Brandon Bruce did theater work in college at the University of Iowa. He's since been based in Chicago. While Kevin Guthridge has worked his way up through a variety of positions at Shawnee, Bruce explains that got his job in simpler way: "I answered an ad." However, that was just the start. "There were interviews, resumes, and references." Like the position of producing director, that of artistic director comes with a lengthy list of responsibilities. "I hire the directors. I hire the actors-and there are a lot of them. Kevin and I collaborate on hiring the designers and in collaboration-heavy collaboration-with Kevin, I select the season. Mostly it's a matter of being in charge of the artistic programming and the creative direction of the theater."
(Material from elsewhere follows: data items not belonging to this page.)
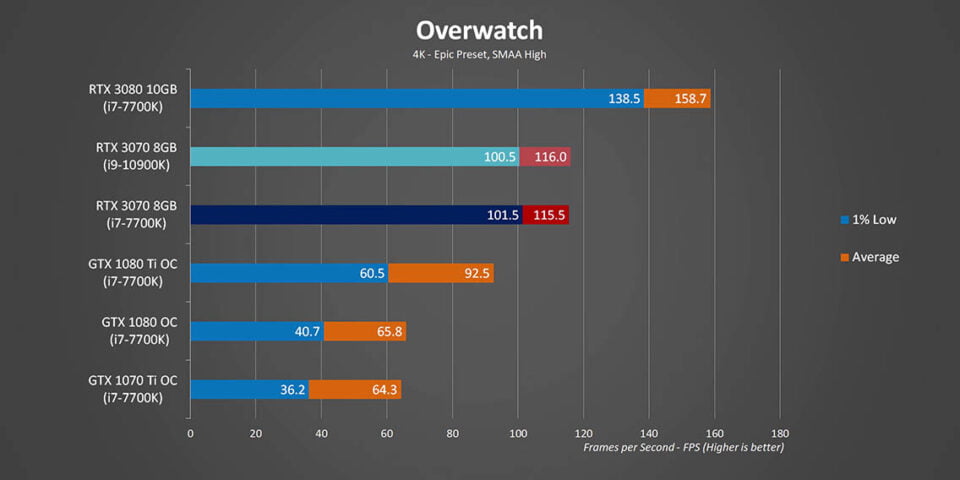 What I said about 1440P is doubled down at 4K. The RTX 3070 just walks all over older GPU’s, offering double or sometimes even close to triple the frame rates. While I’m not sure how many of you are going to pair up an expensive 4K screen with a 3-year-old system, at least you now know there is an option for an incremental system upgrade rather than just buying a whole new setup. Something else jumps out with these results though, at 4K the GTX 1080 Ti is able to hang right in there in some games. It isn’t super competitive in every situation, but it just goes to show NVIDIA’s flagship from 2017 does still have some fight left in it.
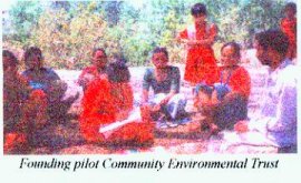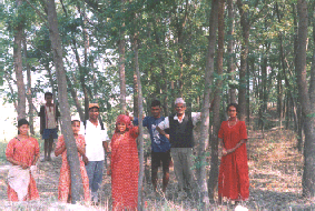 Without education, this Badi girl would be likely to follow her caste role: prostitution. She is one of five Badi girls being sponsored through graduation from Tulsi Boarding School. Only with better alternatives will such social, economic and environmental desperation be overcome. A generous matching offer from another anonymous individual led us to develop a proposal for Dang with the UN Development Programme's Global Environment Facility. However with Dang's state of emergency, UNDP's partnership is on hold. UNDP/GEF Coordinator Gopal Sherchan's suggestion of community environmental trusts, led us to extend resources and empower self-determination for Integrated Human Ecology IHE. Gidhaniya's Women’s Group had already developed a community forest with SeedTree’s help and started a savings group. This we endowed as an experimental environmental trust. All 41 women members guarantee each loan made to a member for such environmentally sound projects as improved efficiency stoves, biogas plants, toilets, wells, pumps, irrigation, horticultural or forest tree nursery and planting. While not all work is finished, already they have done more than with our previous grant system. One toilet and four tube wells (pumps) are completed. Three more are in progress. One woman has begun goat rearing. The group planted 400 new seedlings into their little Community Forest, which will more than offset any adverse impact of the goats. As the money is repaid, it will remain in their community: a revolving, growing, working asset. This hopeful project developed through dialogue between staff, the donors and doers. Amidst impinging Maoist violence such trust is deteriorating widely. Members fear to keep all records in one place. It presents greater risks, but far greater potential rewards. We will be expanding our trust experiment into 2 more districts in 2002. Where democratic values are assailed it is easy to see how vital they are. Even forests need their people to have a stake and voice in maintaining them.
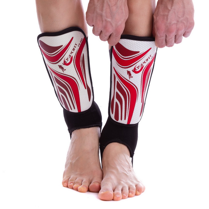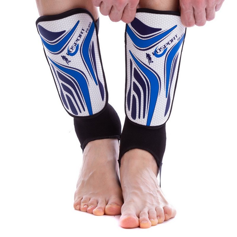 Футбольные щитки с голеностопом обеспечивают максимальную защиту наиболее уязвимых участков ног и суставов. Конструкция защитной экипировки состоит из самих щитков и ремня на застёжке Velcro сверху. Внешняя часть щитка жёсткая и хорошо противостоит ударам. Для амортизации ударов под полипропиленовой накладкой расположен подкладочный слой. В нижней части расположена защита голени - манжета из компрессионного материала. Такие щитки не только обеспечивают более высокую степень защиты по сравнению с обычными накладными, но и не смещаются в процессе игры. При этом они дают полную свободу движений.

Bruce will direct that most durable of musicals, The Fantasticks, and The Thirty-Nine Steps, a wild homage to the Hitchcock movie. "I've wanted to direct The Fanstasticks ever since I played in it in high school. It's near and dear to my heart. To me it's a play about illusion, about magic-theatrical magic-the kind of magic that only theatre can offer, that you can get nowhere else. The Thirty-Nine Steps will be a real treat for Hitchcock fans. It's very physical, very athletic, silly, and even clownish, but still an homage to Hitchcock."